Using the above features, the possibility of a docked configuration to be a native conformation was ranked via the ε-regression approach with a radial basis function (Gaussian) kernel using LIBSVM.78 The ε- regression approach employed the ε-insensitive loss function that assigns no penalty if the predicted value differed from the real value by less than ε. The parameter ε was searched in the proximity of its default value, 0.1. The Gaussian kernel has two parameters, C and γ, which were searched using a grid in the interval (2−8, 28). The best C, γ, and ε parameters were obtained using 10-fold cross validation. An optimal value of C = 4, γ =2, ε = 0.125 yielded the best cross-validation accuracy for the training set.

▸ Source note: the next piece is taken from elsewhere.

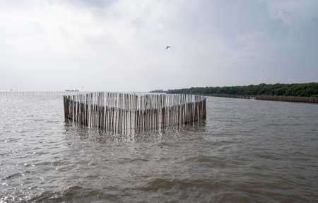 Seagulls and Bamboo in the sea.

To prevent overfitting, only models where the number of configurations in the training data set divided by the number of support vectors is greater than 2.5 were accepted. These C, γ, and ε values and the classifier based on the training data set were used to predict native conformations among the 4000 postdocking refined configurations.
2.10. Computation Time.
Using two cores from either an Intel i7 or AMD PhenomII CPU, rigid-body docking of an Ab to an Ag using EMAP to produce a complex such as 1ahw with 630 residues took ~4 h. Refining the top EMAP-scoring 2000 Ab/Ag configurations from each docking run using MC minimization takes around 17 h. The trained SVM classifier takes around 20 s to rank the 4000 refined configurations.
3. RESULTS
3.1. EMAP Performance.
In the following, we will discuss the results in relation to the two key challenges that need to be overcome for a successful protein-protein prediction (see Introduction). The first challenge is the initial generation of a native conformation for the bound complex. To determine if EMAP docking followed by grid-threading Monte Carlo minimization could produce native conformations for the 24 Ab/Ag complexes, we computed the CAPRI quality of the lowest energy configurations obtained after grid-threading Monte Carlo minimization from each search point of an Ab/Ag complex (see Methods). The resulting values indicate that the EMAP method could produce native conformations of medium accuracy (see section 2.6) for all 24 Ab/Ag complexes. Thus, EMAP could solve the first problem of protein-protein docking in that the set of EMAP-docked structures contained native conformations.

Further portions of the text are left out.